Sebi to Unveil Major Reforms for Market Participants

The Securities and Exchange Board of India (Sebi) is set to introduce a series of regulatory reforms and relaxations at its upcoming board meeting. These changes aim to streamline compliance, enhance investment opportunities, and improve market efficiency.

SebiRegulatory ReformsMarket ParticipantsFpisSme ListingsReal EstateJun 16, 2025

Sebi to Unveil Major Reforms for Market Participants
Real Estate:The market regulator, the Securities and Exchange Board of India (Sebi), is poised to introduce a range of reforms and relaxations for market participants at its board meeting this Wednesday. This is the second board meeting under the chairmanship of Tuhin Kanta Pandey, who took over on February 28. Pandey is steering the regulatory body, which faced several challenges under the previous chair, Madhabi Puri Buch.

Among the key regulatory changes, Sebi is expected to align its Know Your Customer (KYC) norms with those of the Reserve Bank of India (RBI). This move aims to simplify the KYC process for investors, making it easier for foreign funds and retail investors, including residents and Non-Resident Indians (NRIs), to invest in government securities. Additionally, the board is likely to facilitate co-investments in alternative investment funds (AIFs) through a separate co-investment vehicle.

The regulator is also expected to introduce a new category for foreign portfolio investors (FPIs) called Government of India Bonds (IGB-FPIs). This category will allow FPIs to invest in government securities through the voluntary retention route and fully accessible route, with eased KYC norms aligned with the RBI’s standards. Another significant move is the removal of investment caps for overseas citizens of India, NRIs, and local residents, making it easier for them to invest in government securities.

Sebi is also expected to discuss the demerger or ownership cap for clearing corporations by stock exchanges. This proposal aims to make clearing corporations independent, reducing the need for exchanges to infuse capital. However, exchanges have a different view and prefer the existing structure to continue.

The board meeting is also likely to address tighter regulations for Small and Medium Enterprises (SME) listings. Sebi may extend the promoter’s lock-in period, raise operational profit thresholds, and enhance disclosure norms. These changes are designed to raise the bar for SME listings, ensuring that only credible and sustainable businesses access public markets. This move comes in response to the numerous issues that have plagued SME listings in recent years.

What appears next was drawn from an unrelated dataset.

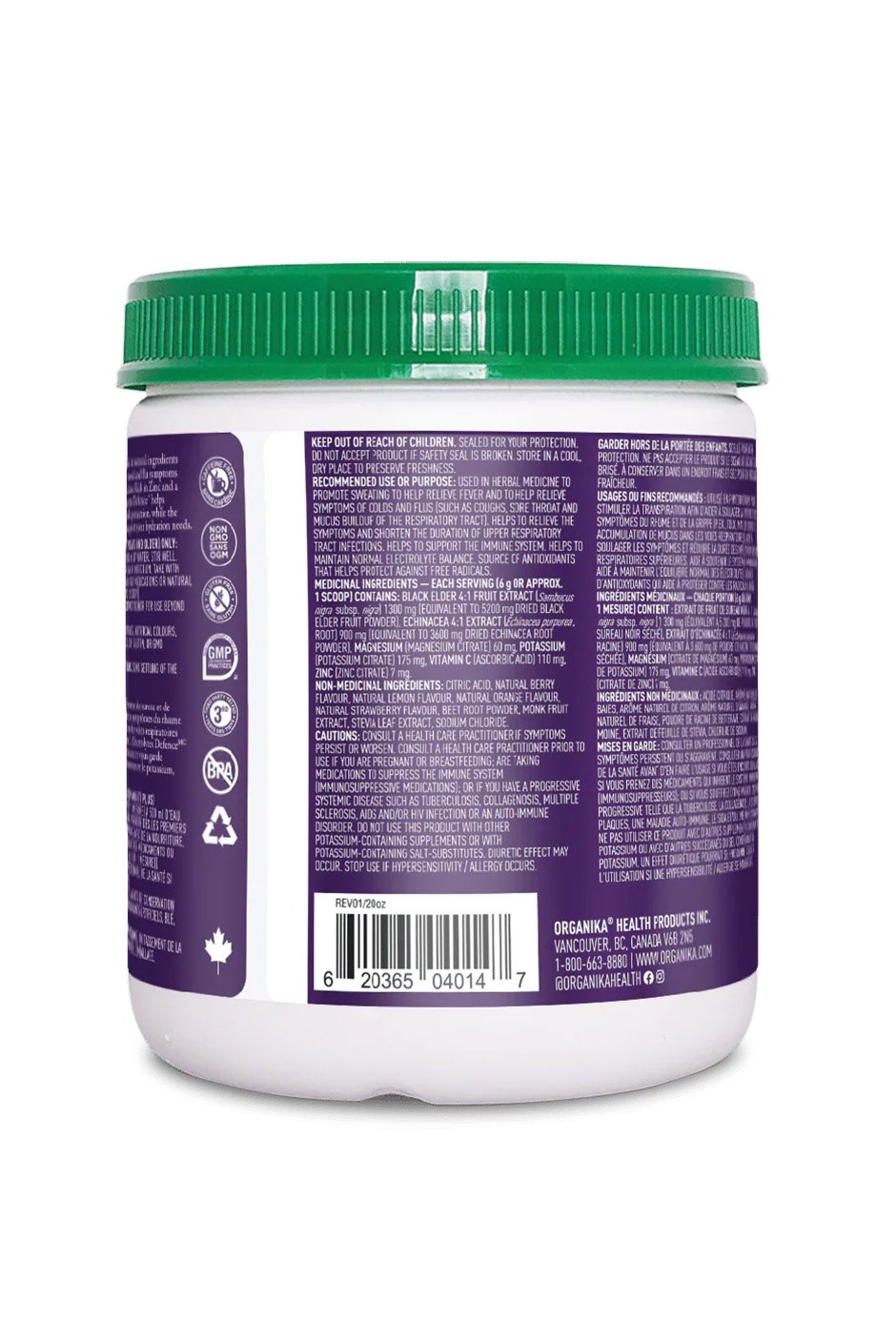 MEDICINAL INGREDIENTS - EACH SERVING (6 g OR APPROX.) 1 SCOOP CONTAINS: BLACK ELDER 4:1 FRUIT EXTRACT (Sambucus nigra subsp. nigra) 1300 mg (equivalent to 5200 mg dried black elder fruit powder), ECHINACEA 4:1 EXTRACT (Echinacea purpurea, root)?900 mg (equivalent to 3600 mg dried echinacea root powder), MAGNESIUM (magnesium citrate) 60 mg, POTASSIUM (potassium citrate) 175 mg, VITAMIN C (ascorbic acid) 110 mg, ZINC (zinc citrate) 7 mg.

Another significant proposal on the agenda is the reclassification of real estate investment trusts (Reits) and infrastructure investment trusts (Invits) as equity. This reclassification, coupled with a higher investment limit for mutual funds in Reits and Invits, is expected to boost the real estate and infrastructure sectors by attracting more investment.

Sebi is also considering a separate delisting mechanism for public sector units (PSUs). This mechanism would include a fixed premium over the floor price and relaxation of the two-thirds public shareholder approval requirement. This change could expedite the delisting process for government companies, which often have low public shareholding and face financial burdens when delisting.

Amendments to employee stock options (Esops) are also on the table. These changes aim to help the founders of startups retain Esops even after an Initial Public Offering (IPO), thereby ensuring continuity and stability in these companies.

The proposal for a separate delisting mechanism for voluntary delisting of government companies is another key point of discussion. Many state-run companies have low public shareholding, outdated business models, or weak future outlooks, making it financially burdensome for the government to delist them. Sebi’s proposal for a separate carve-out for voluntary delisting aims to address these issues and facilitate the delisting process for such companies.

Overall, these reforms and relaxations are expected to enhance market efficiency, simplify compliance, and foster a more robust and transparent investment environment in India.

Frequently Asked Questions

What are some key regulatory changes expected from Sebi's upcoming board meeting?

Sebi is expected to introduce reforms such as aligning KYC norms with the RBI, easing investment in government securities, and tightening SME listing norms. Other changes include reclassifying Reits and Invits as equity and introducing a new category for FPIs called IGB-FPIs.

How will the new KYC norms benefit investors?

The new KYC norms, aligned with the RBI’s standards, will simplify the process for investors, making it easier for foreign funds, retail investors, residents, and NRIs to invest in government securities.

What is the proposed change for SME listings?

Sebi is expected to extend the promoter’s lock-in period, raise operational profit thresholds, and enhance disclosure norms for SME listings. These changes aim to ensure only credible and sustainable businesses access public markets.

What is the significance of reclassifying Reits and Invits as equity?

Reclassifying Reits and Invits as equity, along with a higher investment limit for mutual funds, is expected to boost the real estate and infrastructure sectors by attracting more investment.

What is the proposed delisting mechanism for public sector units?

Sebi is considering a separate delisting mechanism for PSUs with a fixed premium over the floor price and relaxation of the two-thirds public shareholder approval requirement. This could expedite the delisting process for government companies.